The findings will be of particular significance for those countries that have signed up to the Paris climate change agreement, which commits all nations involved to keeping a global temperature rise this century well below 2 degrees Celsius above pre-industrial levels.
“While our contemporary urban lifestyles result in the generation of harmful greenhouse gasses, it also generates large amounts of behavioral data,” said Georg Polzer, CEO of Teralytics.
“Our findings from Nuremberg showed that this data can be used to give city planners insights into how human mobility contributes to pollution. This is a vital part to efficiently design and implement clean air and low carbon strategies. We are looking forward to further exploring this opportunity.”
Following this success, the team has secured financial support from Climate KIC’s Low Carbon City Lab (LoCaL), an initiative that brings together cities, business, academia and NGOs to deliver high environmental and societal impact.
The companies plan to use the funding to expand and improve the research methodology, with a focus on on short travel routes.

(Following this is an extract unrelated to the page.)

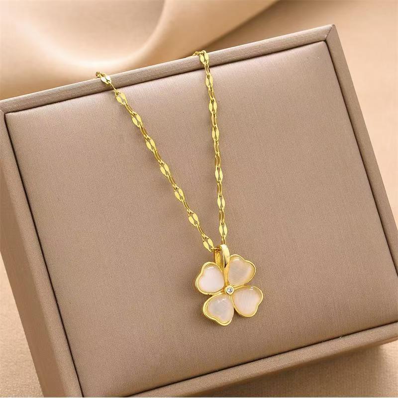 Главная страница > Ожерелье в стиле инфлюенсера TikTok для женщин, в стиле легкой роскоши, нишевый дизайн, модная универсальная цепочка на ключицу с подвеской в виде четырехлистного цветка.

It will also incorporate external factors such as a congestion and other local emissions from places like airports.
“The pilot project in Nuremberg has clearly shown the specific added value of anonymized mobile network data for the environment,” said Florian Marquart, MD of Telefónica NEXT for Advanced Data Analytics.
“This is data from people, for people. We see great potential in the results and will start the next phase of our research. The goal is to develop a product that German cities, German states and the German federal government can use to better face the challenges of emissions pollution.”